Because we support up to 20 digit numbers, we start with a 32 byte register (though we quickly shrink to a 16-byte register in step 2, since 2 digits can still fit in one byte):
String: 1234567890
SIMD step 1 (8-bit x 32): 0 0 0 0 0 0 0 0 0 0 0 0 0 0 0 0 0 0 0 0 0 0 1 2 3 4 5 6 7 8 9 0
SIMD step 2 (8-bit x 16): 00 00 00 00 00 00 00 00 00 00 00 12 34 56 78 90
SIMD step 3 (16-bit x 8): 0000 0000 0000 0000 0000 0012 3456 7890
SIMD step 4 (32-bit x 4): 00000000 00000000 00000012 34567890
And after that, we manually extract the 32-bit numbers, multiply them by 10^16, 10^8 and 10^0, and add them to get the 64-bit result (in this case, 1234567890).
One interesting bit to me: with AVX-512, we could also parse 2 numbers simultaneously without modifying the algorithm. (We could parse much more if we knew they were all 8 bytes or less!) If we want 32-bit numbers, you could parse 4 at a time!
Note that you could do this without knowing the full size of the number if you load the 32 bytes (assumes padding), look for non-digits, and use that to find the end, and then “right-justifying” all the digits with a byte shift/shuffle.

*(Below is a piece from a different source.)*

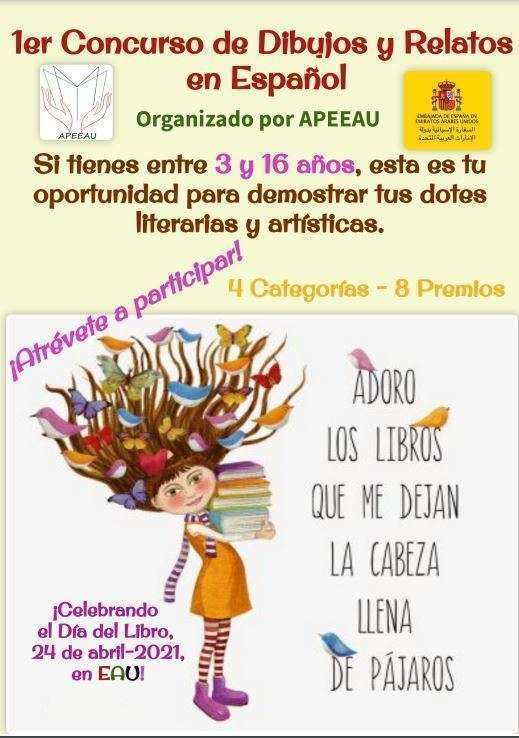 Aún están a tiempo de participar en el concurso niños y niñas residentes en Emiratos Árabes con edades comprendidas entre los 3 y los 16 años según estas bases y plantillas. Los dibujos y relatos deben enviarse al correo electrónico apeeau@gmail.com hasta el 19 de abril.

A commenter on another blog suggests using vpshldvw then vpdpbusd to do the first 2 multiply-and-add steps at once by computing 4a, 4b, c, d then mul-adding with 250, 25, 10, 1.
I have various thoughts about this problem from https://highload.fun/tasks/1 but that seems to be a very different problem (it is a lot about detecting the edge of the number and zeroing out the rest of the register, or finding a way to shuffle certain digits from several numbers of unknown lengths into fixed locations in multiple registers).
In here
https://kholdstare.github.io/technical/2020/05/26/faster-integer-parsing.html#comment-6285552965
The blogger talks about this problem too, which is pretty similar to your discussion, but please look at the comment by sharp-o which describes how to use vnni to simplify the byte to 32 bit reduction, after which you need a regular mul and horizontal add.
Horizontal add of u32 can be done using _mm_mpsadbw_epu8 in a new method you probably heard about, but I can’t find a link.
This horizontal add technique sounds quite interesting!
Thanks a lot, this gives awesome performance. I didnt need the non-digit check, so i skipped it.